What to produce: For the records below, output word for word the lines from the one with "Lovely Three-dimensional Floral" up to and including the one with "The Coliseum mirror". No pictures.

[Stored dataset items]
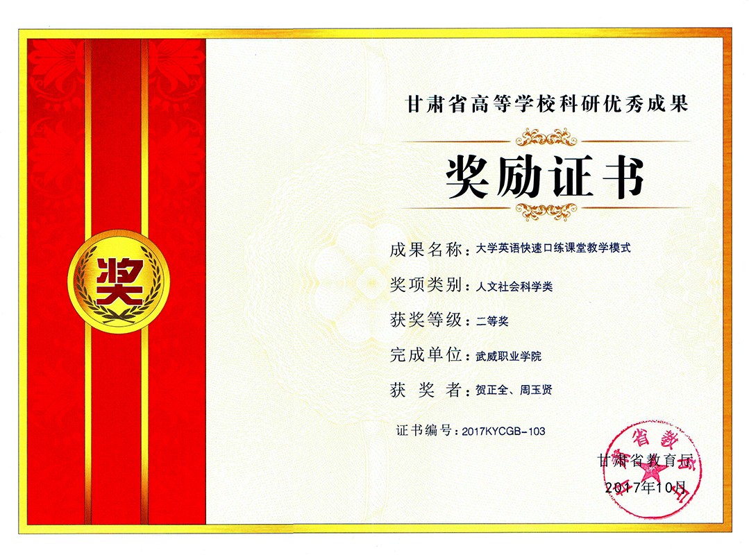 近日从学院科研处传来喜讯,我系教师贺正全申报的《大学英语快速口练课堂教学模式》荣获甘肃省教育厅颁发的2017年甘肃省高等学校科研优秀成果二等奖。这是我院自建院以来获得的最高级别的高校科研优秀成果奖。本次获得二等奖的科研成果共有154项,其中高职高专报送的科研成果只有9项获得二等奖。
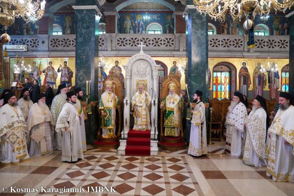 Καί εὔχομαι νά νικήσουμε σ᾽ αὐτόν τόν πνευματικό ἀγώνα πού ἀρχίζουμε ἀπό σήμερα, μέ τίς πρεσβεῖες τῶν ἑορταζομένων ἁγίων Μακκαβαίων, τῆς ἁγίας Σολομονῆς, τῆς μητέρας τους, τοῦ ἁγίου Ἐλεαζάρου καί τοῦ πολιούχου μας ἁγίου Ἀντωνίου, ἀλλά καί τίς εὐχές τῶν Σεβασμιωτάτων Ἁγίων Ἀρχιερέων, τοῦ Σεβασμιωτάτου Μητροπολίτου Βρυούλων κ. Παντελεήμονος, πολυσεβάστου ἱεράρχου τοῦ Οἰκουμενικοῦ μας Πατριαρχείου, ὁ ὁποῖος προεξῆρχε τῆς σημερινῆς θείας Λειτουργίας, ἀλλά καί τοῦ ἐπίσης σεβαστοῦ καί ἀγαπητοῦ Ἁγίου Τριπόλεως, κ. Θεοφυλάκτου, σεπτοῦ ἱεράρχου τοῦ Πατριαρχείου Ἀλεξανδρείας, πρός τούς ὁποίους ἐκφράζω καί πάλιν τήν εὐγνωμοσύνη καί τίς εὐχαριστίες μου, γιατί μέ τή σεπτή παρουσία τους λάμπρυναν τήν πανήγυρή μας.
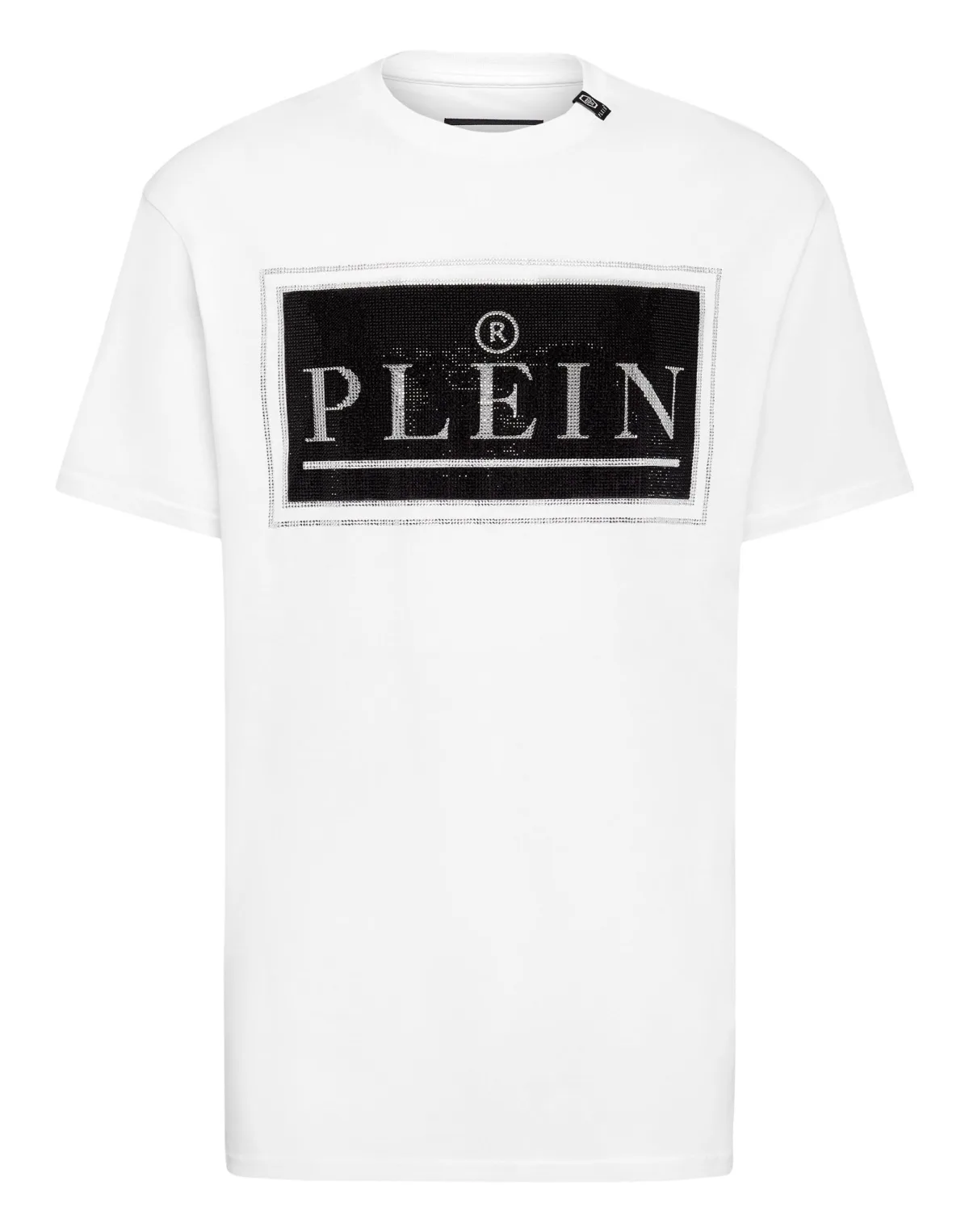 Katoenen T-shirt van jersey. De merkbelettering met strassteentjes siert het kledingstuk. De PP Hexagon patch is op het juk genaaid. Zomen gestikt met twee naalden.
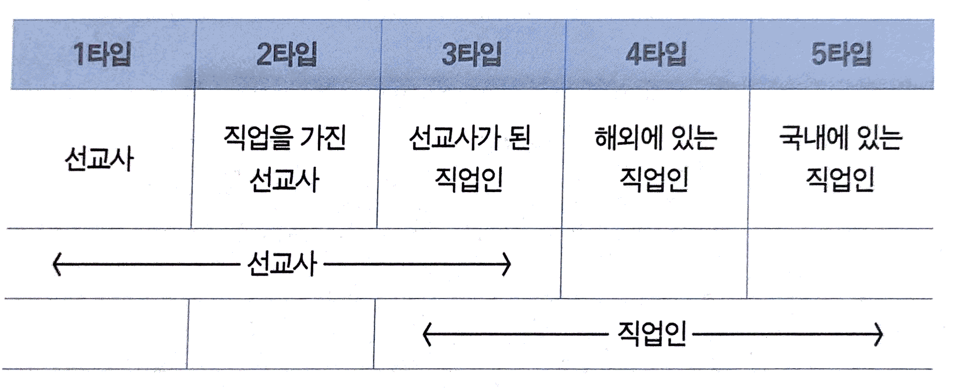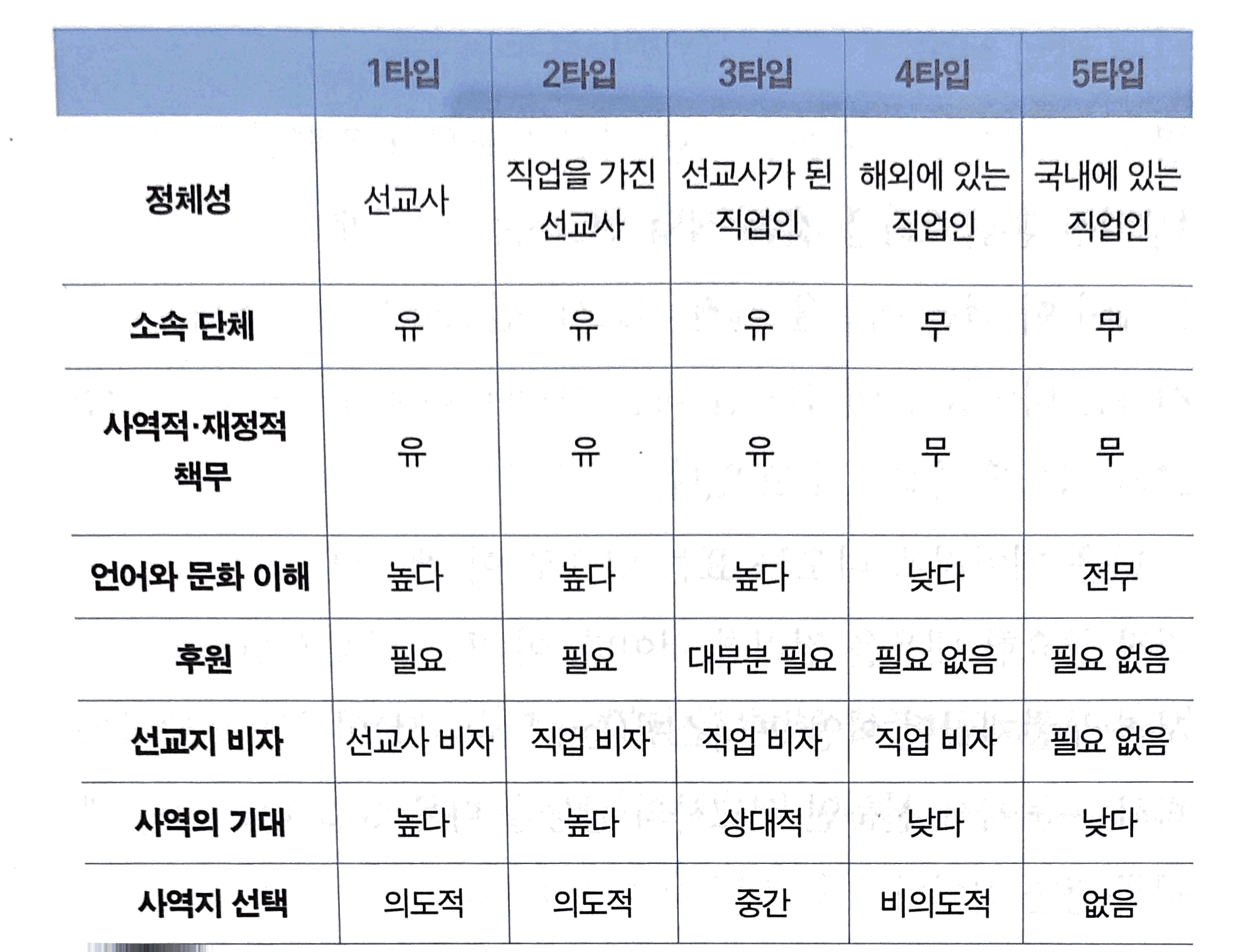 2타입은 자신을 선교사라고 생각한다. 한편 3타입은 원래 직업인이었다. 따라서 3타입은 2타입과 달리 선교사와 직업인의 이중적 정체성을 갖는다.
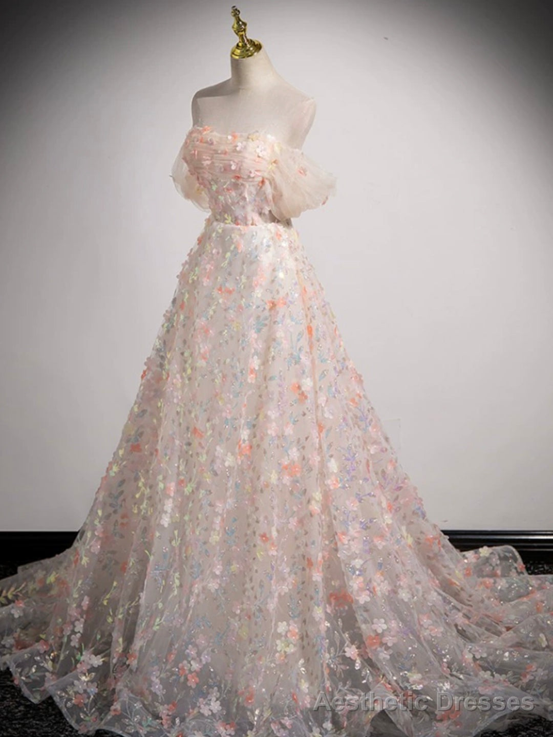 Lovely Three-dimensional Floral Floor Length Prom Dress, Off the Shoulder Evening Party Dress
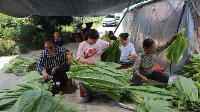 “种烟大户赚大钱,我们娘子军捡小钱。在家门口做事,比在外打工强。”正在穿烟的王大姐接过话题说。
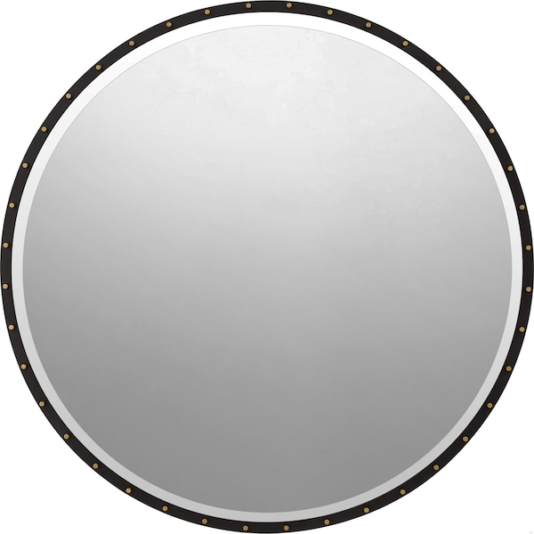 The Coliseum mirror offers an industrial twist on minimalist décor. Beveled glass is thinly framed in painted black steel, but a series of small brass rivets line the perimeter, providing a machine-engineered flourish.
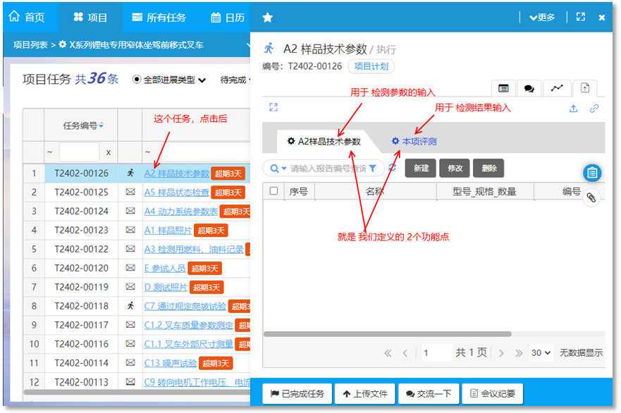 某檢測檢驗(yàn)中心,在做叉車整車檢測的時(shí)候會分解出100多個的檢測任務(wù),每一個任務(wù)除了要求員工按時(shí)間要求完成以外,還需將每個檢測任務(wù)所獲取的數(shù)據(jù)等級下來。這個數(shù)據(jù)可能是一個表,而且每一個任務(wù)所對應(yīng)的填寫數(shù)據(jù)也都是不一樣的。

Written answer:
 Lovely Three-dimensional Floral Floor Length Prom Dress, Off the Shoulder Evening Party Dress
 “种烟大户赚大钱,我们娘子军捡小钱。在家门口做事,比在外打工强。”正在穿烟的王大姐接过话题说。
 The Coliseum mirror offers an industrial twist on minimalist décor. Beveled glass is thinly framed in painted black steel, but a series of small brass rivets line the perimeter, providing a machine-engineered flourish.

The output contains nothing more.